Think on how to optimise for outsized gain without outsized risk exposure.
The premise is that there is a non-linear relation between risk of failure and potential gain in any set of choices. It’s not always true that one must take on more risk to create the possibility of greater gain – and it’s not always true that aiming for X increase in potential gain increases risk by some equivalent factor of X
The easy argument is that we should seek to maximise the possible gain per risk – this makes fairly universal sense.
The hard argument is that the logic applies even for extremely long shots, areas where probability of a huge gain are super tiny. The only thing that matters is the ratio between risk taken and potential upside, diversification efforts, and a personal evaluation of risk appetite.
In business we tend to accept some performance variance in low-risk environments, and control variance more in high-risk environments. (assuming risk to mean the potential for randomness to take down the business)
Instead, we should seek to maximise variance in low-risk environments, and work to build high-risk environments that are resilient to high variance.
What a “low-risk” environment is will vary between businesses. For some, it’s a sandbox or incubator, for some it’s an experimental business unit or team, and for some it’s just that one guy, Bob, who has to test all the new features of the platform betas. For others it’s just a specific budget and time set aside for testing and learning.

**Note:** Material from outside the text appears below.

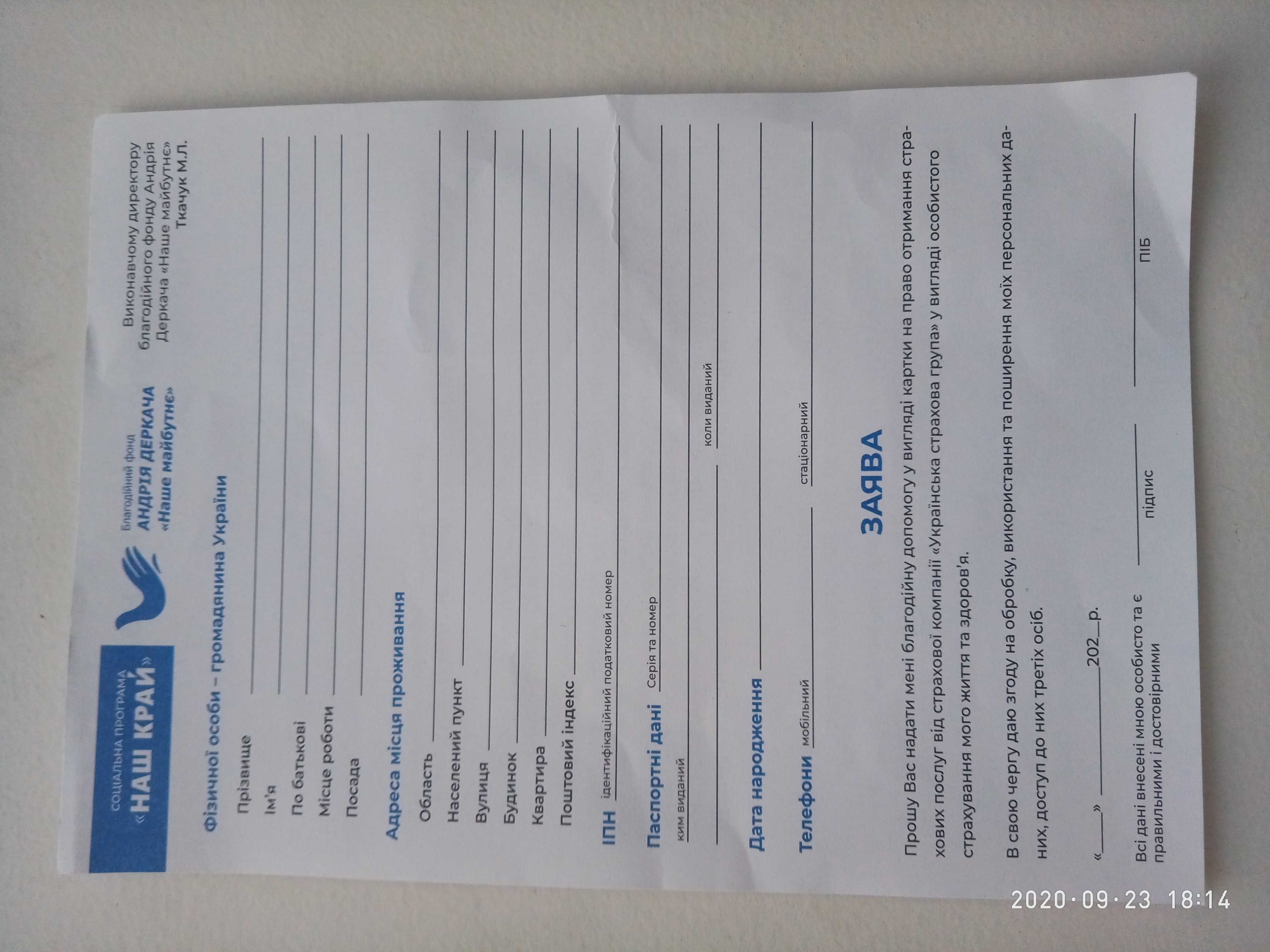 В заяві на ім’я «виконавчого директора благодійного фонду Андрія Деркача «Наше майбутнє» М.Л. Ткачука». Просять зазначити: ім’я, прізвище, по-батькові, місце роботи, посаду, адресу проживання, паспортні дані, номер ідентифікаційного коду, дату народження та номер телефону. Є відповідний пункт про згоду надання персональних даних.

When we maximise variance in all scenarios we optimise for black swan events. When we do it in low-risk (low spend, low effort, low danger) environments, it feels a lot like hunting cheap thrills.
Cheap thrill example:
When planning advertising spend, don’t just launch 10 things you have specific performance expectations for. Launch 8 things you know what are going to do, and 2 things that you have a hunch about. Worst case, you take 20% of your effort and some insignificant portion of budget and burn it, black hole, gone. Best case, your hunch is right and you go on to win a nobel prize for world-changing advertising campaigns, stop the global warming crisis and win the race to Mars.
Having a high capacity to run tests with low downsides and MASSIVE potential upsides is a powerful situtation to be in.
Having the technical ability to launch those tests provides a platform for creating an exciting array of cheap thrills, some of which will expose you to some portion of their potential upside.
There is no formula for determining your hit rate, but there’s a gradual skill that develops. Hunching. Proper hunching about what might do something, even though you don’t really get why.
The entire cheap-thrills scenario only really works with epic people calling the shots on what tests to run. Otherwise the hunching doesn’t develop.
When we try to design systems that are resilient to variance in higher-stakes environments, we seek to leverage the same effect at a larger scale. Opening ourselves to the potential for huge wins, without increasing risk correspondingly.
Variance-accepting-but-resilient-system example:
If at all possible, have people develop their own ways of getting things done. Introducing someone to a new ad platform? Give them a loose guideline/strategy intro, a budget, and time to develop their own tactics for hitting the targets. Make sure they know they can also trash the strategy in favour of their own, better version.
Control this environment with stop-loss rules and similar, instead of top-down “this is how we do things” instruction.
In multi-brand companies such as P&G, the multiple business units and brands are another way of embracing a high resilience to variance. Each unit has autonomy to expose the business as a whole to massive potential upside, while being risk-controlled by strict performance criteria.
Random riff concluded, maybe this’ll get edited someday.